Immediately following this independence, the groundwork for the first civil war was laid by an onslaught of attacks by the Sudan Armed Forces against the southern section of the country (Arnold 2012). After several years, by the early 1960s, the call for southern succession was made and the First Civil War officially began, known as the Anya-Nya (Arnold 2012). Throughout the first civil war, the entire nation of Sudan agreed with the succession of the southern region, although bloodshed and continuous warfare continued for over ten years, ending with a simple agreement for regional rule.
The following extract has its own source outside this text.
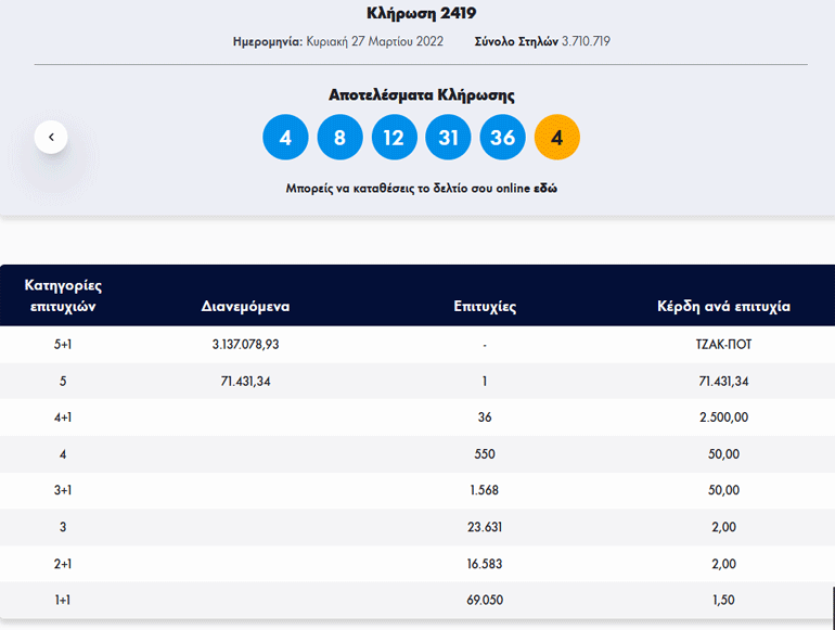 Χωρίς νικητή στην πρώτη κατηγορία ολοκληρώθηκε η κλήρωση και η διαλογή στο Τζόκερ. Αντίθετα, στη δεύτερη κατηγορία βρέθηκε ένα δελτίο που κερδίζει 71.431,34 ευρώ...

In 1983, the Second Civil War began, with the northern Sudanese and Sudanese government were both less supportive of succession and instead promoted a model for a new united and democratic Sudan. In the mid-1990s, New Sudan was created and led by a cult personality, who supported the continued oppression of the southern region, as oil had been discovered and changed the political arena (Arnold 2012). In January of 2011, a referendum was presented to voters regarding the succession of the southern region, where it was passed with over a 98% approval, forming the new nation of South Sudan (Hale 2012). Then, a ballot initiative was to be presented to the west-central region of Sudan, the South Kordofan State, instead, both the Sudan Armed Forces (Sudan’s military force) and the Sudan People’s Liberation Army (part of the South Sudanese militarized succession movement) began to attack the region to gain control (Hale 2012). Throughout the three phases of South Sudanese independence, women did not play a significant role, as the traditional gender roles of Sudan do not allow for women to be politically inclined or participate politically in the public realm.
There is currently an internal power and military struggle within South Sudan by different ethnic groups as well as a civil war between the current government and opposition forces. A ceasefire was demanded by the rebel leaders in 2014, and has since been broken as many as fifty times, so it seems as if there is no end in sight for this civil war (Reuters 2015).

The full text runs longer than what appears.